Some say cash is king. And today, many are saying it loudly.
According to The Wall Street Journal, 64,000 companies bit the dust and filed for bankruptcy in 2008. And, terrifyingly still, credit markets are bracing for significant increases in corporate default rates in 2009.
For those companies that survived this first wave, the really bad news is that debt will still require repayment, employees will still want their paychecks, and electricity bills will still fall on their doorstep every month. Companies need cash -- and the ones holding a lot of greenbacks should do quite well.
I've found seven companies that have tons of cash, but it doesn't really matter. Let me explain why.
Cash helps, no doubt
We can all agree that a good amount of cash on the balance sheet is an excellent defense for a company facing complete, financial destruction. If General Electric (NYSE: GE) didn't have plenty of cash on hand, it would be in a heck of a pickle right now; the same is true of Wells Fargo (NYSE: WFC). Let's not forget that Bear Stearns went under not because of insolvency, but because it had no liquidity.
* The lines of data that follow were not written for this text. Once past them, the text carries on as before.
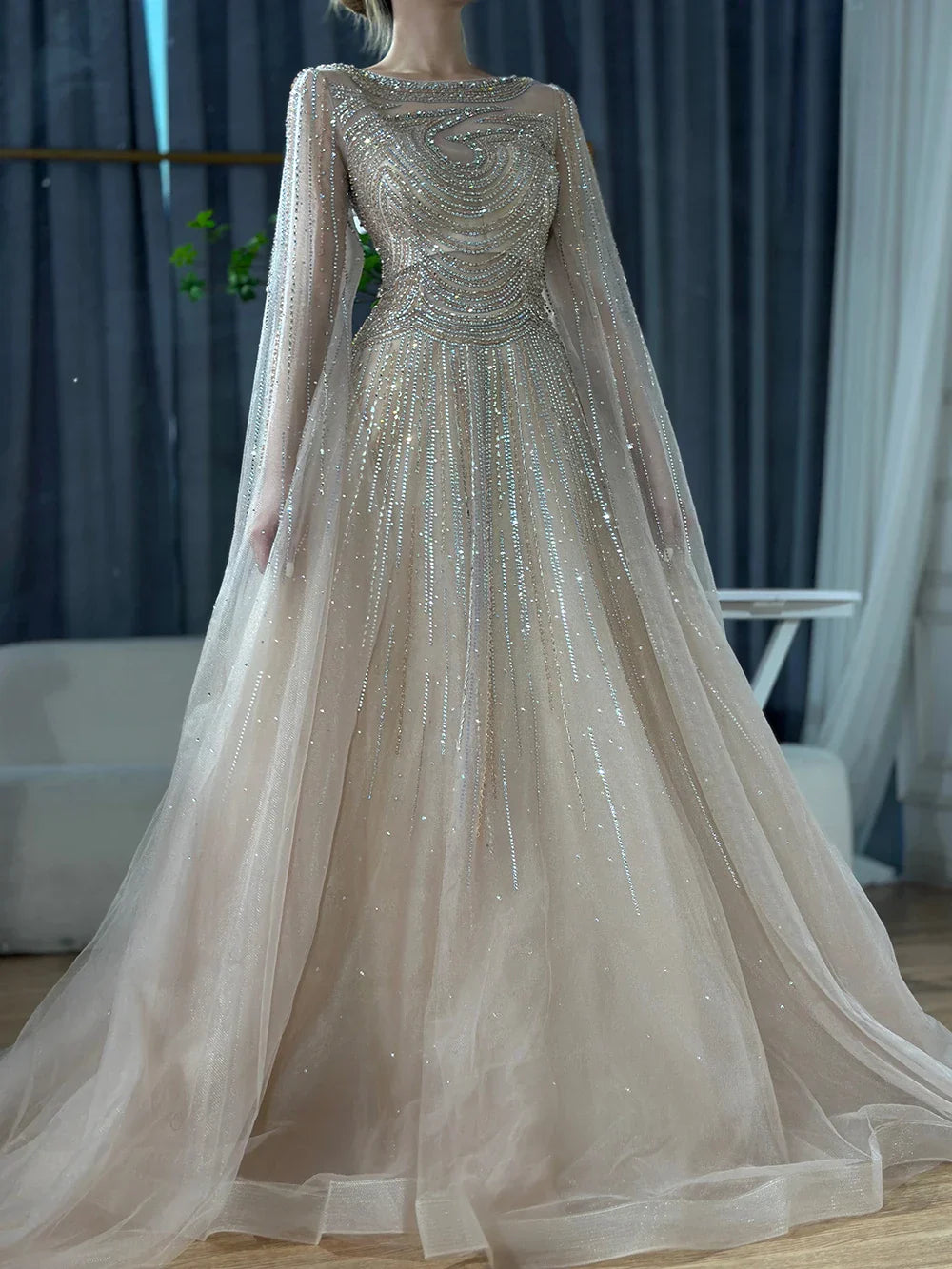 Arabic Caramel Saudi Evening Dresses with Cape Sleeves A-Line Beaded For Wedding Party 2025 LA72799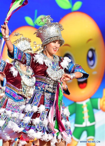 Artists from Rongshui Miao Autonomous County of south China's Guangxi perform during the opening ceremony of a local fair in Lianjiang, south China's Guangdong Province, Dec. 7, 2019. The fair provides a platform to showcase specialty products from Rongshui and promote the county's tourists attractions. For over two years, Lianjiang has been offering financial and technological assistance to Rongshui in its poverty-alleviation efforts, and the partnership has achieved good results. (Xinhua/Huang Xiaobang)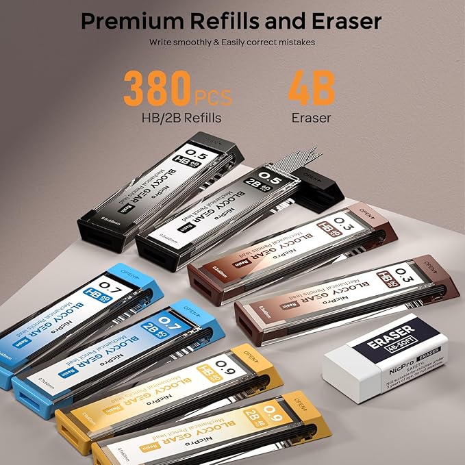 - Nicpro Blocky Gear: Come with 4pcs metal 0.3/0.5/0.7/0.9mm mechanical pencil and 8 tubes of replacement leads (3 tubes of 2B (0.5, 0.7, 0.9mm), 5 tubes of HB (2* 0.3mm, 0.5, 0.7, 0.9mm), 60 pcs/tube of 0.3/0.5/0.7mm lead; 40 pcs/tube of 0.9mm lead, 3pcs 4B latex-free eraser, 18pcs replaceable cap erasers,1 pcs kneaded eraser, all the stuff storage neatly in a case with flocking tray,what a gift for friends & family!Ideals for artists, professionals, teachers and students alike.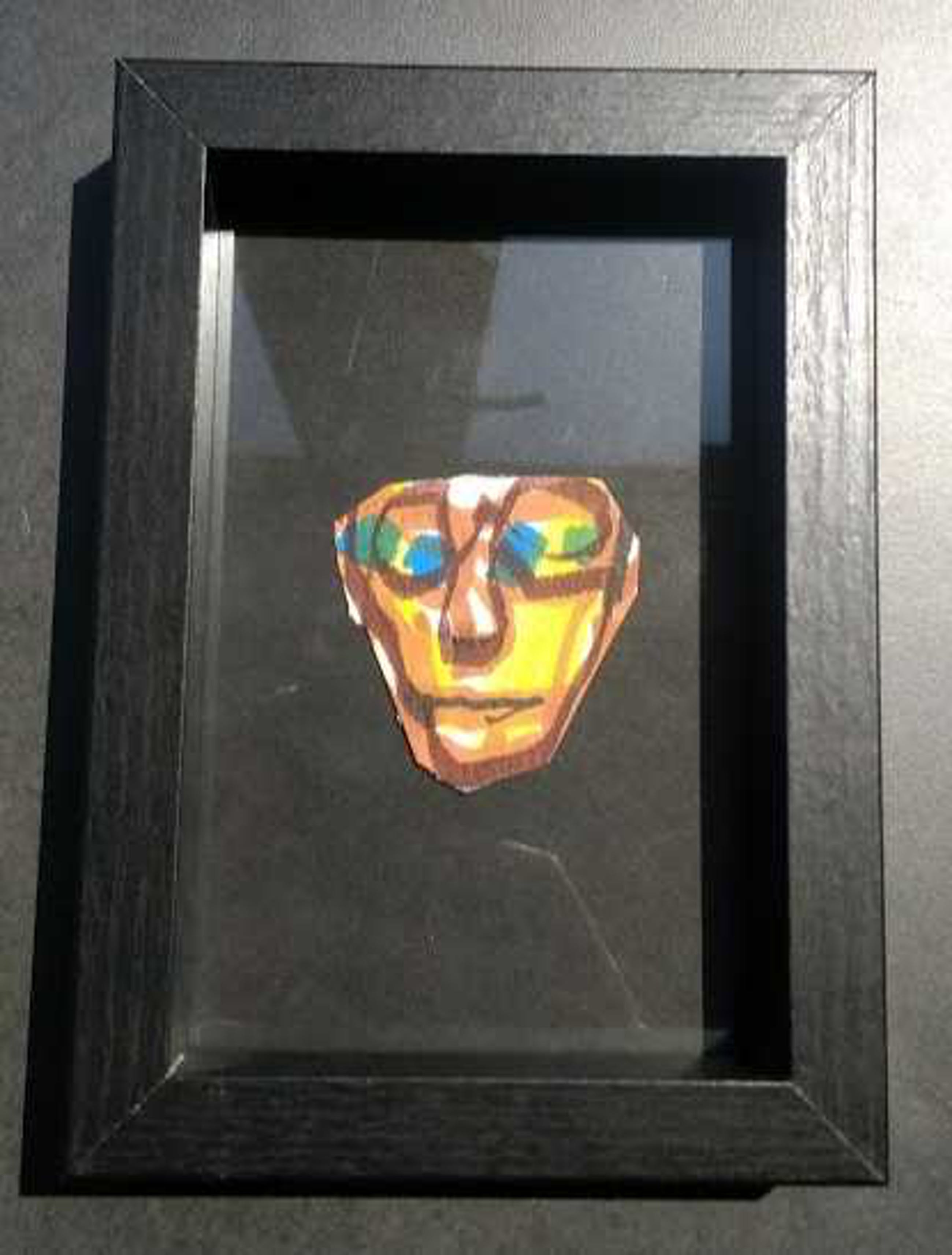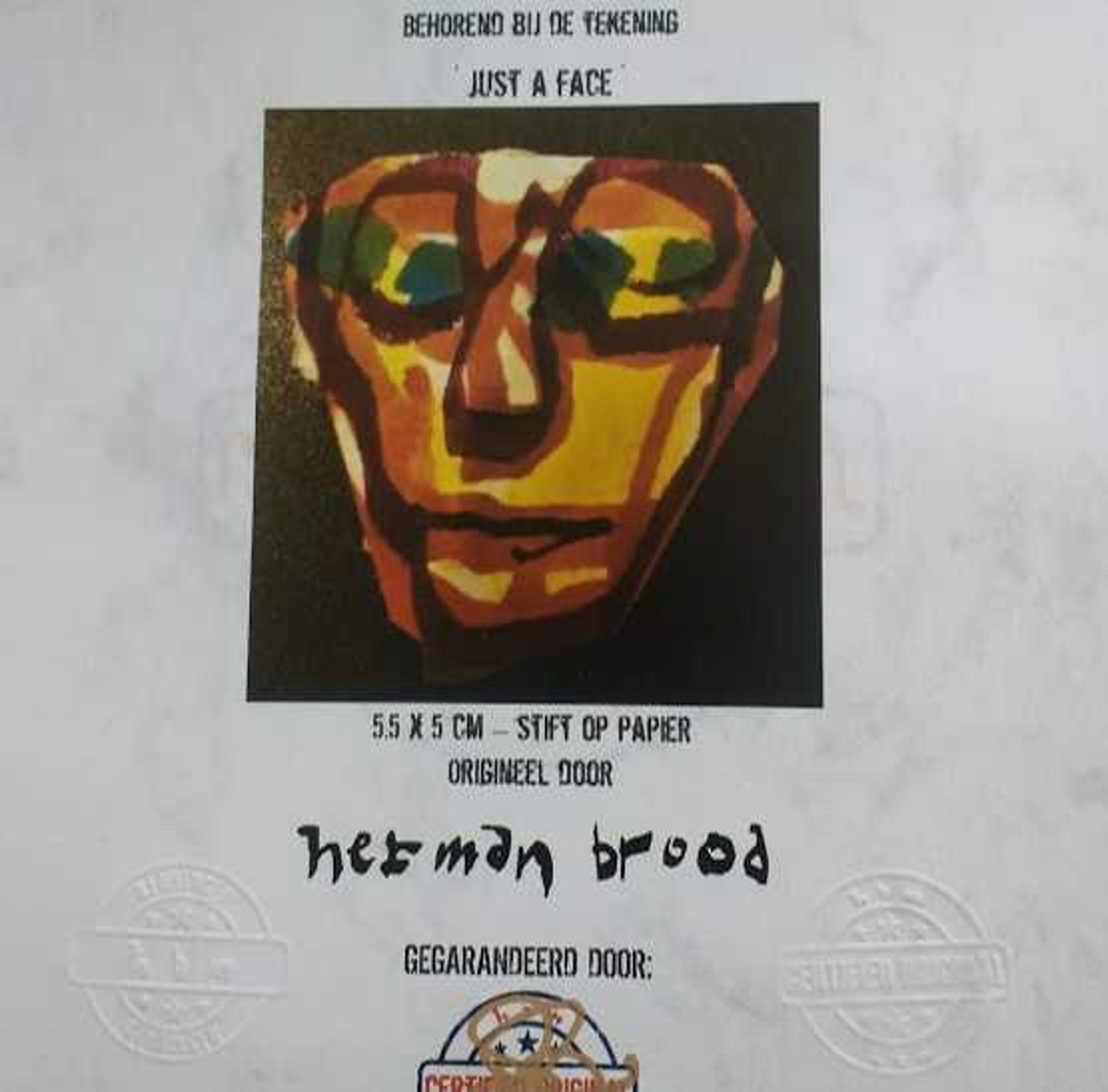 Originele tekening van Herman Brood Titel: just a face Techniek: kleurenstiften op tekenpapier Houten glazen lijst is inbegrepen Met certificaat van HB-M (Herman Brood Museum)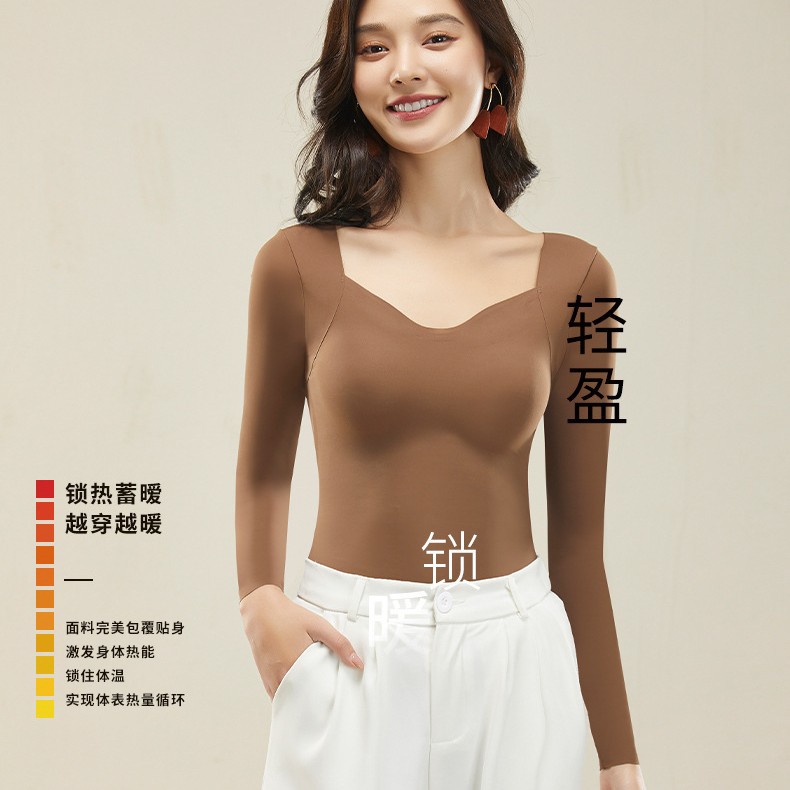 21303秋冬美肤衣打底长袖带胸垫保暖内衣无痕轻薄V领肌底上衣隐形

But there's a bigger problem.
You may be looking at the cash line on a company's balance sheet with the belief that companies with lots of cash will be the companies that can avoid bankruptcy, and therefore be properly positioned to succeed in the future. You might be tempted to buy shares of these companies.
Not so fast.
I agree -- to some extent. These companies probably won't go bankrupt (in the near term, at least), but it has nothing to do with how well the company can or will do in the future. That train of thought will steer investors into a classic mistake.
Show me the money!
I've selected seven companies with market caps larger than $500 million and cash in excess of 20% of that market cap (which is a lot of cash!) to illustrate a simple point:
Company | Market Capitalization (billions) | Cash and Cash Equivalents (billions) |
---|---|---|
Apple (Nasdaq: AAPL) | $122 | $25 |
Siemens (NYSE: SI) | $55 | $16 |
Electronic Arts (Nasdaq: ERTS) | $6.5 | $2.5 |
Sprint Nextel (NYSE: S) | $13.3 | $4.5 |
Sun Mircrosystems (Nasdaq: JAVA) | $6.9 | $2.7 |
Source: Capital IQ, a division of Standard & Poor's.
These are relatively some of the "richest" companies in the world. But that fact alone doesn't have any bearing on whether they make for good investments.
Market beaters? Maybe.
These companies could be burning through cash faster than a teenager with your gold card -- or they could be tossing lots of money into that expensive new pet project that may or may not work.
You just don't know with these figures alone. The financial picture remains incomplete.
A tale of two opposites
Take Apple and Sprint Nextel, for example. Both have lots of cash. But Apple has more than $24 billion in cash, no debt, hauled in $9.1 billion in free cash flow in the past 12 months, and pushes returns on invested capital at rates in the ballpark of 20%.
Sprint, on the other hand, has $4.5 billion in cash, carries a whopping $22 billion in debt, fails to deliver nearly as much cash flow per revenue dollar, and fails to push positive return rates on invested capital. Most of what cash is made just goes back to debt holders.
Suffice it to say that these are two different companies in two remarkably different places.
I'm not saying that Apple is a much better investment than Sprint (OK, it is); I'm simply trying to illustrate why looking at cash figures can be misleading.
Cash is just one piece of the puzzle
Instead of simply highlighting companies with huge bank vaults, ask yourself whether a given company will be adding to that stockpile in the future or taking away from it. And most important, identify just what the company intends to do with that cash.
Companies sporting generous coffers can't guarantee that their products are going to sell in the future or that their industries are sustainable for the long term.
Cash is necessary -- necessary to avoid bankruptcy in the short term and to operate properly in the medium term. In fact, we Fools like our stocks to support healthy cash cushions in the (likely) event of an emergency. But cash can only get you so far. Companies still need to have a plan -- a good plan -- for that cash.
The truth is stranger than fiction
There is another wrinkle you should know about cash and the people who hold it. According to research confirmed by several different sources, the best managers of cash tend to be, ironically, the same companies that regularly redistribute it back to shareholders in the form of dividends.
As the master of your own money, you can probably appreciate how a dividend-paying company with limited resources must be more disciplined with its spending, because it knows it'll have to pony up a dividend to shareholders on a regular basis. Over the long run, these institutions generally become better stewards of capital.
The difference isn't marginal, either. Research has shown that from 1972 to 2006, S&P 500 dividend-paying stocks actually performed significantly better than their non-paying peers -- by a sizable margin of six percentage points per year! That outperformance can be at least partly explained by the burden (a blessing for shareholders) of having to pay a dividend regularly.